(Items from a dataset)
^^^^^^^^^^^^^^^^

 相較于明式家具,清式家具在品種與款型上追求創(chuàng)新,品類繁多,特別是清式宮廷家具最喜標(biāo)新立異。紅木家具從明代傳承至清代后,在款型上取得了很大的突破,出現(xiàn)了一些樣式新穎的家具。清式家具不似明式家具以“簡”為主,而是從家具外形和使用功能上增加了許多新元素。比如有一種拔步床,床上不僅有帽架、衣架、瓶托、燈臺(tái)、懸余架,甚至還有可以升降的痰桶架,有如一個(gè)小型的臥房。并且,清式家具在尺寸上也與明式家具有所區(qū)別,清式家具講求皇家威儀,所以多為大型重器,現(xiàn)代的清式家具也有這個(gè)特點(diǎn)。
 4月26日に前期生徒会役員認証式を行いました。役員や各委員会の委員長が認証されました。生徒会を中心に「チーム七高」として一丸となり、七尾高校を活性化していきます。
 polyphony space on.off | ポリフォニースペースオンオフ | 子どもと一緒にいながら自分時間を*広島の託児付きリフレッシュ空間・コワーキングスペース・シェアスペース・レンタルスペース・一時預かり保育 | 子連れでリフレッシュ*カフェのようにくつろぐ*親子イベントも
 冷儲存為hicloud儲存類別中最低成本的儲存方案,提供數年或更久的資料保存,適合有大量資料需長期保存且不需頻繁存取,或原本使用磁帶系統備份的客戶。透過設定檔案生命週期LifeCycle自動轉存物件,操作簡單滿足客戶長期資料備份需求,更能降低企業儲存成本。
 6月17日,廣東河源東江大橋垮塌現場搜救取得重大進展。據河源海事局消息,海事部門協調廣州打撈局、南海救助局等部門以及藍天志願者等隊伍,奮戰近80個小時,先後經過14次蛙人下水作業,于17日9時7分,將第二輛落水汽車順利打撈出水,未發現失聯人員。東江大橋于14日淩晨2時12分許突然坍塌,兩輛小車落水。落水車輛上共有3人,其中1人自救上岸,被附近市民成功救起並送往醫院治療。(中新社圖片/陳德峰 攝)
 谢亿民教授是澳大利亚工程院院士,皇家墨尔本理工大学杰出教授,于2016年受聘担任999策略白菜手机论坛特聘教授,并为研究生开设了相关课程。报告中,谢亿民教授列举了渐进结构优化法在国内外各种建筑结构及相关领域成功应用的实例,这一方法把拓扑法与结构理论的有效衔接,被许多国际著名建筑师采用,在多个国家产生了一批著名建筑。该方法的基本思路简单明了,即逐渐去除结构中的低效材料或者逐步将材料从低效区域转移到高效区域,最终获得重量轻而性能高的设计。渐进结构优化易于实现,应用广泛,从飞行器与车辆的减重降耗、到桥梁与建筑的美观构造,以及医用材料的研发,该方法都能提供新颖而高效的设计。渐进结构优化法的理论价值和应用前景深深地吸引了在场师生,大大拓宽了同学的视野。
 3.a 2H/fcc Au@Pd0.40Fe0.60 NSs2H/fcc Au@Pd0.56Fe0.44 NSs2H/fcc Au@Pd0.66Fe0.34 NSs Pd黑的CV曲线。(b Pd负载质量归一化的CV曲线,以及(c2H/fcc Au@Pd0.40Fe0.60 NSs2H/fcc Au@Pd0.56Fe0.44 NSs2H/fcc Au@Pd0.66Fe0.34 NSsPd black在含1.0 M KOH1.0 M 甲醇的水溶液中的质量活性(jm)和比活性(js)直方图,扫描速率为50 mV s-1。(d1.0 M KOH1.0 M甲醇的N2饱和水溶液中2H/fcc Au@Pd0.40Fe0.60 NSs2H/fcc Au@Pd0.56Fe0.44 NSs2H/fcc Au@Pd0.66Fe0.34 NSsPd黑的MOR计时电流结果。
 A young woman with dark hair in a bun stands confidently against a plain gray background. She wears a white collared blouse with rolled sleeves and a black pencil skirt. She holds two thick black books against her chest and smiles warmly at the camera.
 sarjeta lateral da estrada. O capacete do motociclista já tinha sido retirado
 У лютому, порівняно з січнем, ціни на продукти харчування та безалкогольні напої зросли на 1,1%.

^^^^^^^^^^^^^^^^

### [What to work on]
Set the entries down again exactly, beginning with their first line and ending with the line that contains "sarjeta lateral da"; omit all other lines.

### [Reply]
 相較于明式家具,清式家具在品種與款型上追求創(chuàng)新,品類繁多,特別是清式宮廷家具最喜標(biāo)新立異。紅木家具從明代傳承至清代后,在款型上取得了很大的突破,出現(xiàn)了一些樣式新穎的家具。清式家具不似明式家具以“簡”為主,而是從家具外形和使用功能上增加了許多新元素。比如有一種拔步床,床上不僅有帽架、衣架、瓶托、燈臺(tái)、懸余架,甚至還有可以升降的痰桶架,有如一個(gè)小型的臥房。并且,清式家具在尺寸上也與明式家具有所區(qū)別,清式家具講求皇家威儀,所以多為大型重器,現(xiàn)代的清式家具也有這個(gè)特點(diǎn)。
 4月26日に前期生徒会役員認証式を行いました。役員や各委員会の委員長が認証されました。生徒会を中心に「チーム七高」として一丸となり、七尾高校を活性化していきます。
 polyphony space on.off | ポリフォニースペースオンオフ | 子どもと一緒にいながら自分時間を*広島の託児付きリフレッシュ空間・コワーキングスペース・シェアスペース・レンタルスペース・一時預かり保育 | 子連れでリフレッシュ*カフェのようにくつろぐ*親子イベントも
 冷儲存為hicloud儲存類別中最低成本的儲存方案,提供數年或更久的資料保存,適合有大量資料需長期保存且不需頻繁存取,或原本使用磁帶系統備份的客戶。透過設定檔案生命週期LifeCycle自動轉存物件,操作簡單滿足客戶長期資料備份需求,更能降低企業儲存成本。
 6月17日,廣東河源東江大橋垮塌現場搜救取得重大進展。據河源海事局消息,海事部門協調廣州打撈局、南海救助局等部門以及藍天志願者等隊伍,奮戰近80個小時,先後經過14次蛙人下水作業,于17日9時7分,將第二輛落水汽車順利打撈出水,未發現失聯人員。東江大橋于14日淩晨2時12分許突然坍塌,兩輛小車落水。落水車輛上共有3人,其中1人自救上岸,被附近市民成功救起並送往醫院治療。(中新社圖片/陳德峰 攝)
 谢亿民教授是澳大利亚工程院院士,皇家墨尔本理工大学杰出教授,于2016年受聘担任999策略白菜手机论坛特聘教授,并为研究生开设了相关课程。报告中,谢亿民教授列举了渐进结构优化法在国内外各种建筑结构及相关领域成功应用的实例,这一方法把拓扑法与结构理论的有效衔接,被许多国际著名建筑师采用,在多个国家产生了一批著名建筑。该方法的基本思路简单明了,即逐渐去除结构中的低效材料或者逐步将材料从低效区域转移到高效区域,最终获得重量轻而性能高的设计。渐进结构优化易于实现,应用广泛,从飞行器与车辆的减重降耗、到桥梁与建筑的美观构造,以及医用材料的研发,该方法都能提供新颖而高效的设计。渐进结构优化法的理论价值和应用前景深深地吸引了在场师生,大大拓宽了同学的视野。
 3.a 2H/fcc Au@Pd0.40Fe0.60 NSs2H/fcc Au@Pd0.56Fe0.44 NSs2H/fcc Au@Pd0.66Fe0.34 NSs Pd黑的CV曲线。(b Pd负载质量归一化的CV曲线,以及(c2H/fcc Au@Pd0.40Fe0.60 NSs2H/fcc Au@Pd0.56Fe0.44 NSs2H/fcc Au@Pd0.66Fe0.34 NSsPd black在含1.0 M KOH1.0 M 甲醇的水溶液中的质量活性(jm)和比活性(js)直方图,扫描速率为50 mV s-1。(d1.0 M KOH1.0 M甲醇的N2饱和水溶液中2H/fcc Au@Pd0.40Fe0.60 NSs2H/fcc Au@Pd0.56Fe0.44 NSs2H/fcc Au@Pd0.66Fe0.34 NSsPd黑的MOR计时电流结果。
 A young woman with dark hair in a bun stands confidently against a plain gray background. She wears a white collared blouse with rolled sleeves and a black pencil skirt. She holds two thick black books against her chest and smiles warmly at the camera.
 sarjeta lateral da estrada. O capacete do motociclista já tinha sido retirado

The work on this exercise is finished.